Мы с мамой жили в общежитии, в дощатом домике со странным названием «шанхай» — видимо, в честь миссионеров, строивших коммунизм в Китае. Шанхай был разделен фанерными перегородками на множество тесных конурок, вмещающих две кровати и зажатую между ними тумбочку. Первой заботой пожарных с началом сезона было обнаружить и ликвидировать все самодельные розетки, тайком установленные хитроумными рабочими с лесопилки, — чтобы лишить сотрудников детского сада возможности пить чай где попало и включать в холодные ночи огнеопасные обогреватели.

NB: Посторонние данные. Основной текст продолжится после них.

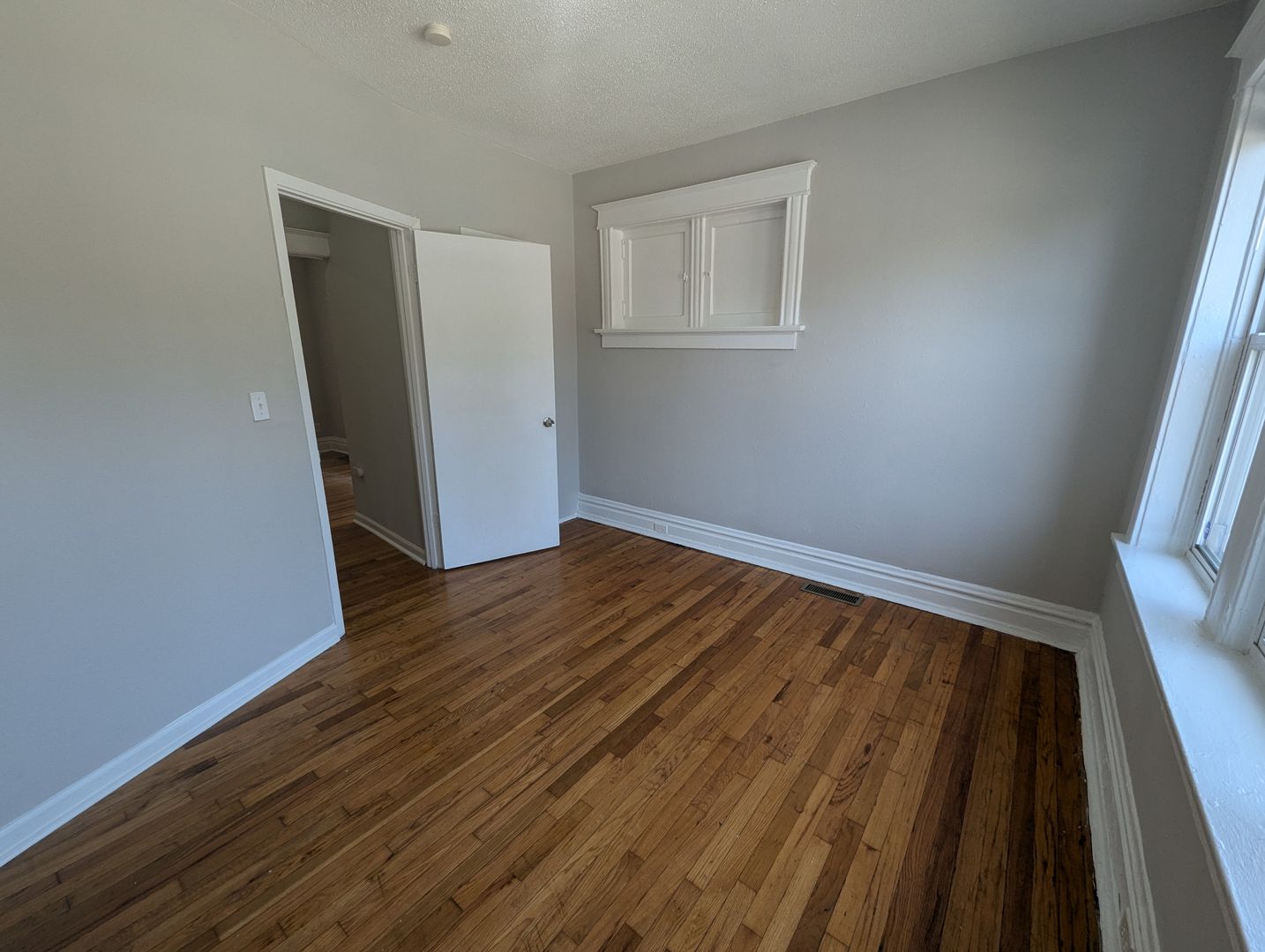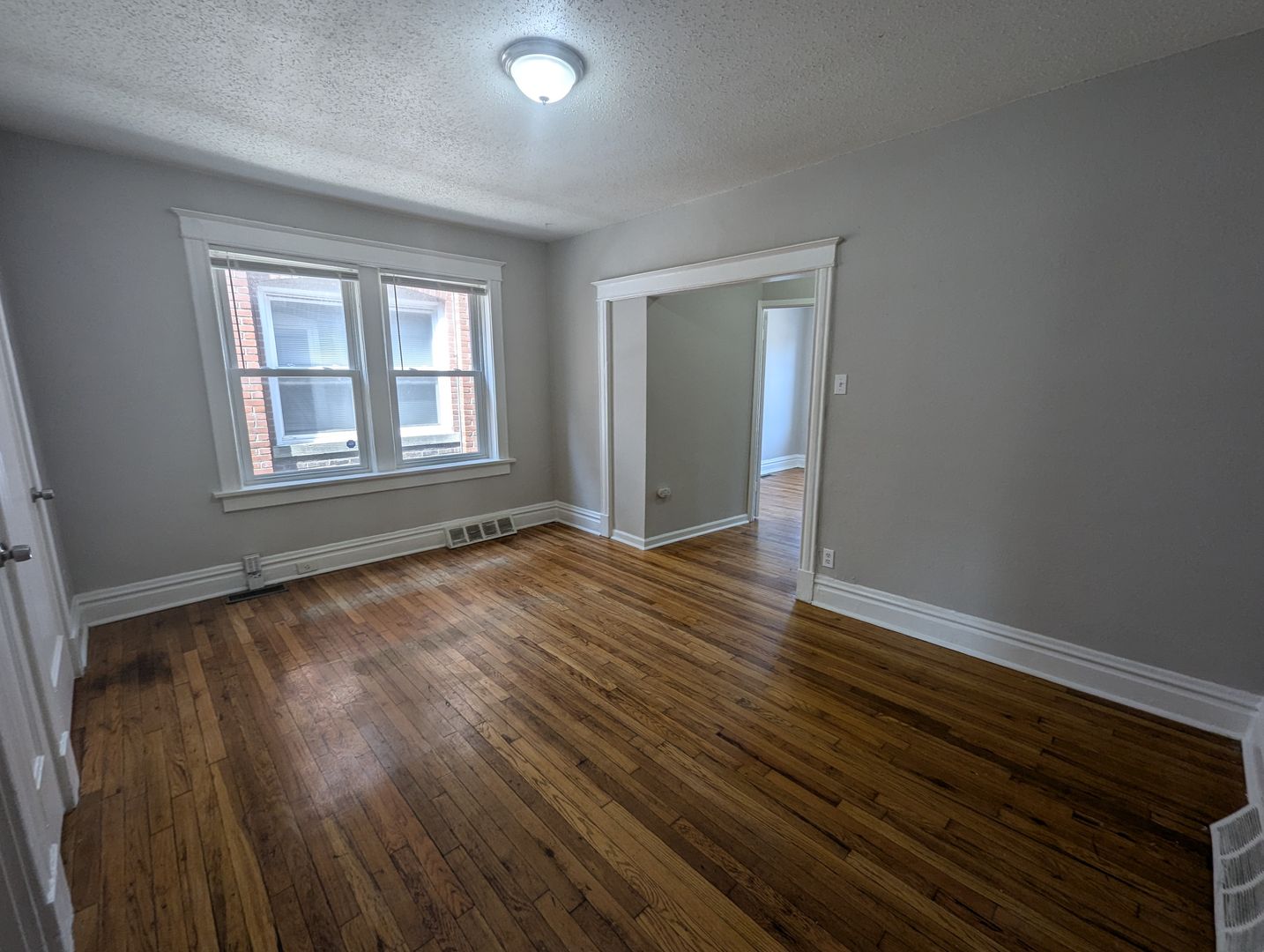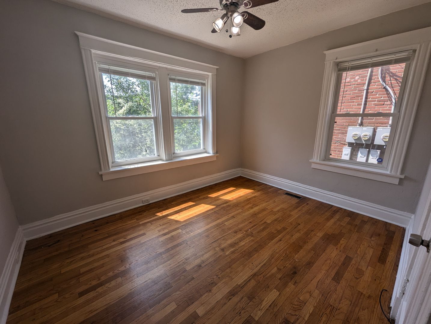 Step inside to a practical entry area with room for bags, coats, and the rest of life’s daily carry-ins. The front bedroom catches steady natural light and works equally well as a workspace or guest room. The living room anchors the layout with hardwood floors and reliable central heating and cooling that keeps the whole place comfortable in every season.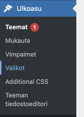 WordPressin ohjausnäkymän vasemmalla olevasta linkkilistasta löydät valikon Ulkoasun alta.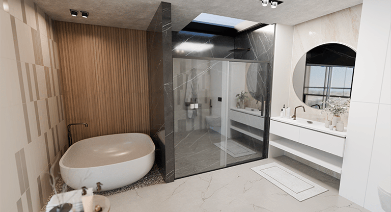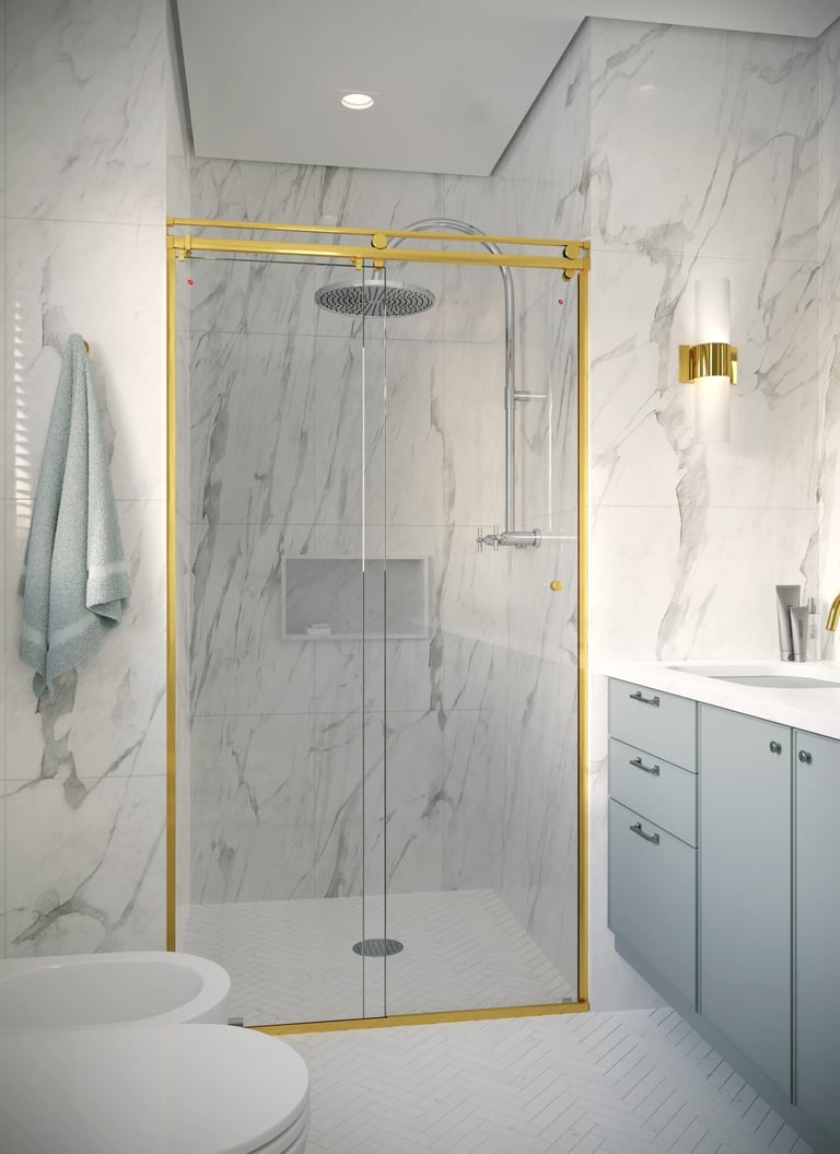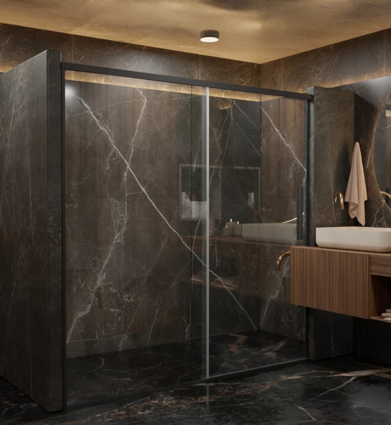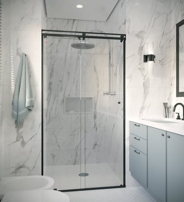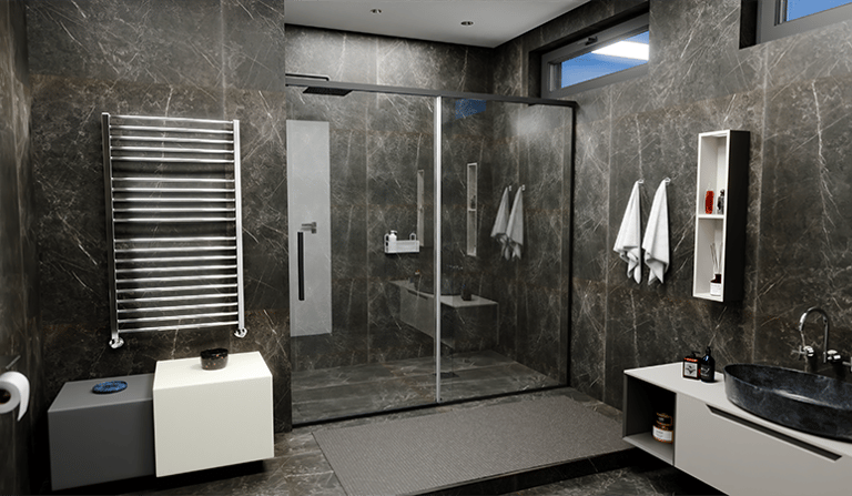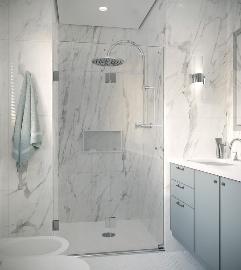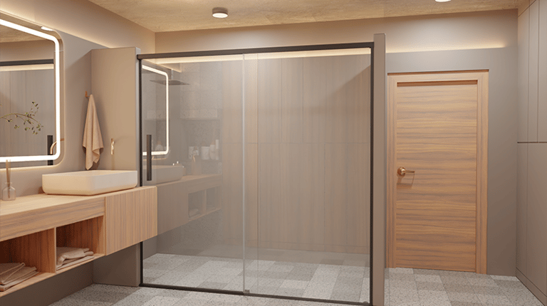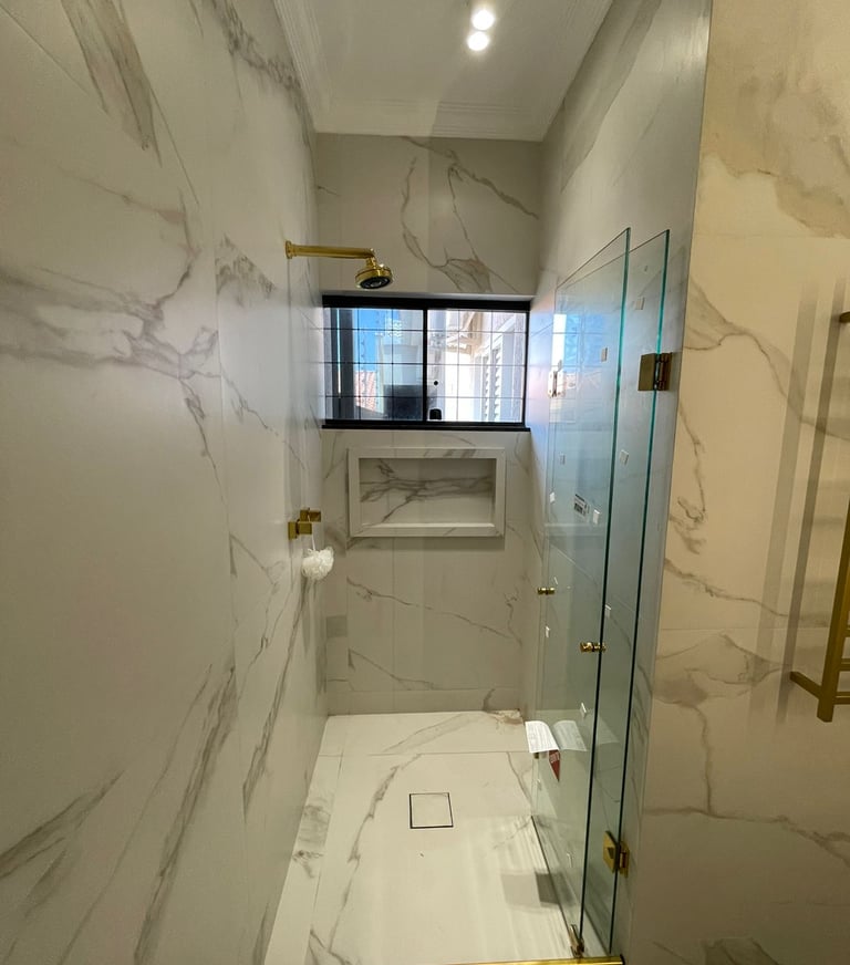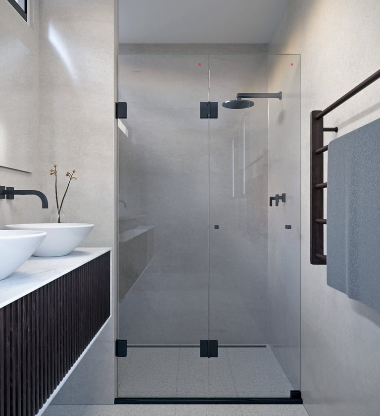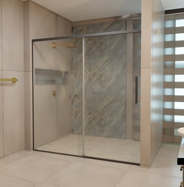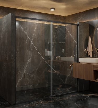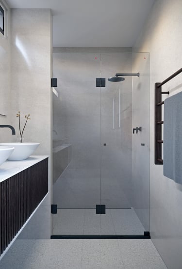 O Box Blindex Flexível possui porta articulada que permite maior abertura, sendo ideal para espaços pequenos.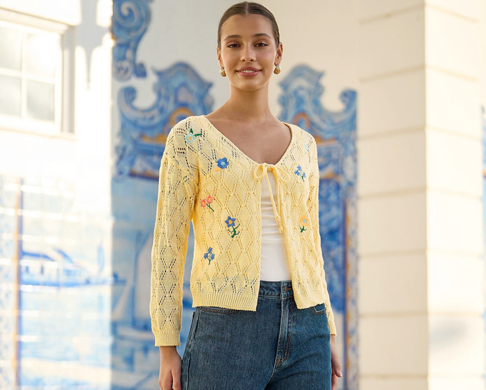 Style tip: Layer a fine knit cardigan over a printed dress or pair it with wide-leg trousers and a simple top for an effortless spring outfit.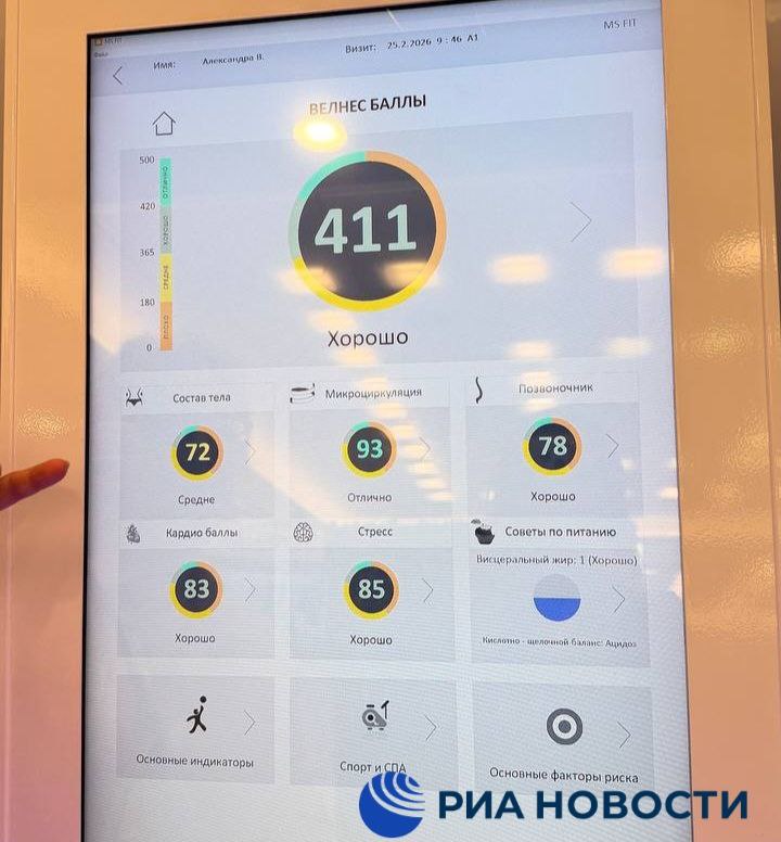 Его представили на Форуме будущих технологий в Москве. Устройство измеряет и анализирует пульс, давление, насыщение крови кислородом, массу и рост. Система дает представление о состоянии здоровья пациента и показывает биологический возраст.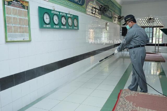 Seperti pada Kamis (2/4/2020), penyemprotan dilakukan di Kecamatan Tempuling dan Kecamatan Kempas dengan menyasar fasilitas umum berupa rumah ibadah, jembatan dan pasar-pasar. (Diskominfops)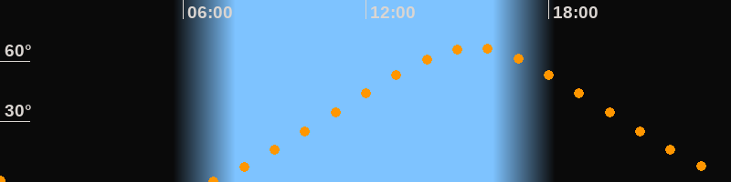 | Höchster Stand (Kulmination) | 15:30 Uhr (h = 66,6°) |

Вслед за пожарными опять появлялись рабочие, предлагая свои услуги по обогреву на новых основаниях, и их предложения пользовались спросом. Мама очень переживала, что ночью меня разбудят. Но я спала, как сурок, и буйная дачная жизнь воспиталок мало меня касалась. Я была вольной птицей, допущенной сразу на две территории — в пионерский лагерь и в детский сад. В лагере я танцевала, маршировала и ухаживала за кроликами, в детском саду укрывалась в дощатой комнатке с книжкой и ходила в душ.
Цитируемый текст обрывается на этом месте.